Top Gear
BBC

Top Gear's automotive exploits are targeted at viewers with a mental age of nine, according to its executive producer.

The BBC show's aim, according to Andy Wilman, is to provide "an hour a week where absolutely nothing is achieved" but which provides a method of escapism for middle aged men.

Having watched the majority of the show's upcoming nine episodes, Wilman found that "almost everything we'd filmed was, once again, aimed at people with a mental age of nine".

"I gave that last point some thought," he added during an interview with the Radio Times magazine. "And quickly realised that it was too important to mess around with.

"If you're actually nine, you need something to watch that isn't a computer screen," he said. "And if you're 29, 39 or 59, part of your brain will most likely still have a mental age of nine, and that part struggles to get nourishment.
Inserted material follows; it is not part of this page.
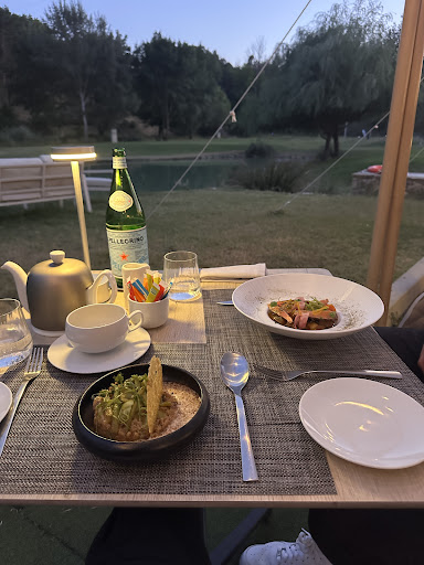 Read moreMalheureusement, nous n'avons pas Ă©tĂ© convaincus par ce dĂźner. L'emplacement du restaurant en bord de lac est agrĂ©able dans un dĂ©cor naturel qui rend bien. Le service est un peu dĂ©routant : Ă notre arrivĂ©e (19h30), l'on nous dit de vite commander pour Ă©viter la panique en cuisine et pour ĂȘtre vite servis. Nous avons trouvĂ© le sommelier, qui certes donne l'impression de connaĂźtre son mĂ©tier, mais Ă la limite prĂ©tentieux. Nous avons entendu quelques rĂ©flexions/ recadrages lancĂ©s aux 2 jeunes serveurs qui font du mieux qu'ils peuvent et sont trĂšs aimables. Quant aux plats, les quantitĂ©s Ă©taient limites (surtout pour la quantitĂ© de poisson dans l'entrĂ©e de carpaccio), le paleron de bĆuf Ă©tait trop sec. Les tarifs trop Ă©levĂ©s pour ce que nous avons mangĂ©. Certes nous payons le cadre, mais ce qu'il y a dans les assiettes compte...

"Modern life for adults is, after all, bloody hard. The workplace is not freer, but more regimented by management systems and nonsense enforced by going on "courses". Email hasn't decreased the workload but in fact piled it on.

"The demand to be accountable and produce results hangs heavy over every worker, and by the weekend they need a release valve. That's where we come in – an hour a week where three badly dressed middle-aged men bicker, fall over and catch fire.

"This is an important service we provide, and therefore essential that being nine should remain a massive remit of our films."

Series 21 of Top Gear stars Sunday, 2 February, and Wilman promised that it would not contain any "grown up" content.